Use the Snowflake UI or SQL commands to register the public key.

Code Example

Key Components of the Code

[full code below the post]

  1. Dependencies and Imports: The code relies on libraries such as BouncyCastle for handling private keys, SparkSession for Spark operations, and DriverManager for JDBC connections.
import org.bouncycastle.openssl.{PEMParser}
import org.apache.spark.sql.{Dataset, Row, SparkSession}
  1. Configuration Map: The configuration map contains essential details such as the Snowflake account, region, and private key file path.
val configMap: Map[String, String] = Map(
  ACCOUNT        -> "<account_name>",
  REGION         -> "<region>",
  USERNAME       -> "<username>",
  ROLE           -> "<role>",
  WAREHOUSE      -> "<warehouse>",
  DATABASE       -> "<database>",
  SCHEMA         -> "<schema>",
  PK_PATH        -> "<private_key_path>",
  PK_PASSPHRASE  -> "<private_key_passphrase>"
)
  1. Private Key Handling: The getPrivateKey method reads and decrypts the private key file. It uses BouncyCastle for secure handling of encrypted and non-encrypted keys.
def getPrivateKey(filename: String, passphrase: String): PrivateKey = {
    val pemParser = new PEMParser(new FileReader(filename))
    val pemObject = pemParser.readObject()

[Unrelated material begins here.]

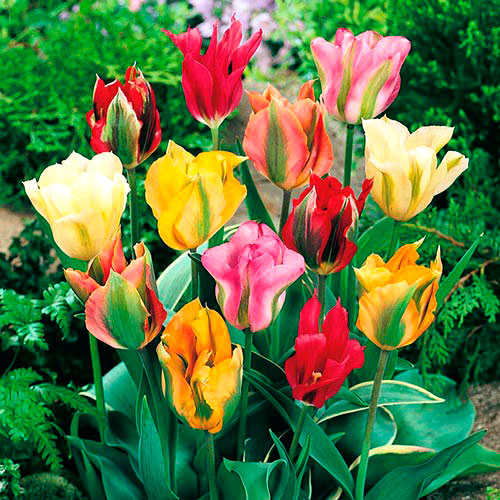 Тюльпани зеленоквіткові, суміш забарвлень – це готова яскрава клумба в одній упаковці! Жовті, червоні, рожеві, білі пелюстки можуть бути абсолютно різними, що їх об'єднує так це контрастна зелена смужка на «спинках». Вона вигідно підкреслює колір і змушує довго милуватися цікавими бутонами. Думаєте, які квіти підібрати для яскравої і цікавої клумби? Ми зробили це за вас! Просто замовте цибулини зеленоквіткових тюльпанів різних забарвлень.

    val privateKeyInfo = pemObject match {
        case encrypted: PKCS8EncryptedPrivateKeyInfo =>
            val decryptorProvider = new JceOpenSSLPKCS8DecryptorProviderBuilder()
              .build(passphrase.toCharArray)
            encrypted.decryptPrivateKeyInfo(decryptorProvider)
        case keyInfo: PrivateKeyInfo => keyInfo
        case _ => throw new IllegalArgumentException("Unsupported key format")
    }

    pemParser.close()
    new JcaPEMKeyConverter().getPrivateKey(privateKeyInfo)
}
  1. Encoding the Private Key: Spark expects the private key in Base64 format. The getEncoded method encodes the private key appropriately.
def getEncoded(privateKey: PrivateKey): String = {
    Base64.getMimeEncoder(64, "\n".getBytes).encodeToString(privateKey.getEncoded)
}
  1. Building the Spark Config Map: The getSparkConfigMap method prepares the Snowflake connection parameters required for Spark to interact with Snowflake.
private val sparkConfigMap: Map[String, String] = Map(
  "sfURL" -> s"${config(ACCOUNT)}.${config(REGION)}.snowflakecomputing.com",
  "sfUser" -> config(USERNAME),
  "pem_private_key" -> getEncoded(getPrivateKey(config(PK_PATH), config(PK_PASSPHRASE)))
)
  1. Spark Read and Write Operations:
    1. read fetches data from Snowflake based on a SQL query.
    2. write inserts data into a Snowflake table.
def read(session: SparkSession, query: String): Dataset[Row] = {
    session.read
      .format(SNOWFLAKE_SOURCE_NAME)
      .options(sparkConfigMap.asJava)
      .option("query", query)
      .load()
}

def write(df: Dataset[_], tableName: String, mode: SaveMode): Unit = {
    df.write
      .format(SNOWFLAKE_SOURCE_NAME)
      .options(sparkConfigMap.asJava)
      .option("dbtable", tableName)
      .mode(mode)
      .save()
}
  1. JDBC Connection: The getConnection method demonstrates a direct JDBC connection to Snowflake, which is useful for testing or advanced operations.
def getConnection: Connection = {
    val jdbcUrl = s"jdbc:snowflake://${config(ACCOUNT)}.${config(REGION)}.snowflakecomputing.com/"
    val properties = new Properties()
    properties.put("user", config(USERNAME))
    properties.put("privateKey", getPrivateKey(config(PK_PATH), config(PK_PASSPHRASE)))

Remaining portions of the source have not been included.